Revised November 2018
Do government programs and private benefit plans integrate?
In short, the answer is yes, however, depending upon the program “do I qualify?” may be the bigger question.
Many of my clients ask me this question, and there is not a straightforward answer. There are many programs
available through various levels of government, but for the sake of time and simplicity, I will only focus on the most utilized and often least understood. Several provinces have variations of these but will focus on Ontario’s programs as this represents the lions’ share of my audience.
Ontario Drug Benefit (ODB)
If you are a senior residing in Ontario, you will qualify. There are approximately 4,400 drugs on the ODB formulary. So any private plans with retirees or employees over the age of 65, should automatically qualify if the drug falls within the drug formulary.
Trillium Drug Benefit (TDB)
This is probably the program that most companies have confusion about and represents the largest potential financial upside to a private plan.
You qualify if you:
- Ontario resident
- Possess an Ontario Health card
And you are not covered under TDB as a:
- A senior over the age of 65
- someone who receives financial help through Ontario Works or the Ontario Disability Support Program
- a resident of a Long-Term Care home or Home for Special Care
- You don’t have private health insurance, or your private insurance does not cover 100% of your prescription drug costs.
This last point is the kicker for most companies. So if you have a drug plan that does not have a drug cap or pay 100% of the cost of the plan, you should qualify.
Insured plans that don’t have co-pays or ASO plans with a stop-loss provision do not qualify.
To access the TDB, the employee will still be required to pay approximately 4% of their net family income as a deductible.
The process is not without its challenges or inconveniences, but if utilized, can potentially save thousands of dollars for private plans.
Exceptional Access Program
This is for Trillium qualifiers who are seeking drugs that fall outside the ODB formulary. Essentially this is an appeal for approval of a speciality drug that is made on behalf of the patient by a medical practitioner. Same rules of Trillium apply.
Assistive Devices Program (ADP)
Any resident of Ontario with a long-term disability and a valid Health card. There is no restriction due to what one earns. The program usually pays 75% for the reimbursement of the following assistive devices. To integrate with a private benefit plan, the government must be stipulated as the first payer. The unpaid balance can be applied against a private plan.

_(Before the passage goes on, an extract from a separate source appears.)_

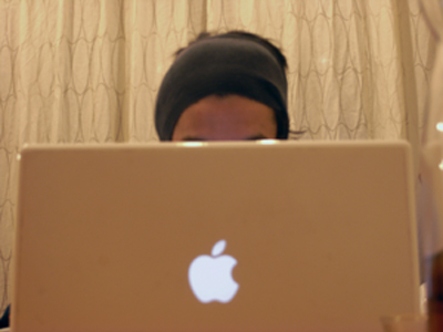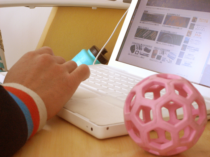 林檎ノートで情報収集中のオット。

CPP Disability versus private LTD coverage
To qualify for CPP Disability, the injury must be prolonged and permanently debilitating. There is very little probability of the individual being able to re-enter the workforce.
LTD coverage will assist individuals who are unable to re-enter the workforce due to injury in their current job or similar usually for the first two years (Own Occupation definition) but thereafter is required to enter another line of work or re-train for another position.
Generally speaking, CPP Disability is much harder to qualify for as it generally precludes that the individual is unable to re-enter the workforce. CPP is not considered a suitable alternative for LTD coverage. The payout amounts for CPP can be significantly less than an LTD pay-out.
Employment Insurance (EI) vs Short Term Disability (STD) coverage
EI is often considered the second payer to an STD benefit. However, they can often be integrated with EI. An STD “carve-out” will often be utilized in conjunction with EI. A “carve-out” plan will often pay STD for the first two weeks designated as the EI waiting period, EI will pay for 15 weeks or deemed eligible and then STD will often pick up coverage from the end of EI eligibility period until an LTD plan kicks in. An STD “wrap around” plan will function in the same fashion as a “carve-out” except if it is deemed the individual is ineligible for EI, the STD benefit will kick in. In both instances, an E.I. Premium Reduction is not allowed by the employer.
OHIP+ covers all babies, children and youth aged 24 and under who have OHIP coverage. Enrollment in OHIP+ is automatic, and eligible medications are covered at no cost. OHIP+ coverage stops on the patient’s 25thbirthday.
OHIP+ covers all drugs currently available through the Ontario Drug Benefit (ODB) program. This includes more than 4,400 drug products listed on the ODB Formulary/Comparative Drug Index and additional drugs eligible for funding through the Exceptional Access Program (EAP). Patients can use the medication coverage checker to check if a drug is covered under ODB. If a drug is not available through the ODB program, it is not covered through OHIP+.
The Doug Ford Tories announced in July 2018 that the current OHIP+ program would exclude all babies, children and youths that are currently covered under a private plan. The OHIP+ program will still exist for those that are not covered under a private plan or have drug plan limitations.
No official effective date has been announced for the OHIP+ revisions.
These are the most common benefits that can be integrated between private plans and government benefits. As you can see, having a specified knowledge of each and their limitations is paramount when setting up an integrated solution. Obviously, there is a lot more administration and education when integrating with a government plan, and this can be an onerous task for the employee and the employer. If a company can set up properly, to integrate between the two entities can save substantially for the private payer but is not without its challenges or obstacles for the employee or the plan administrator.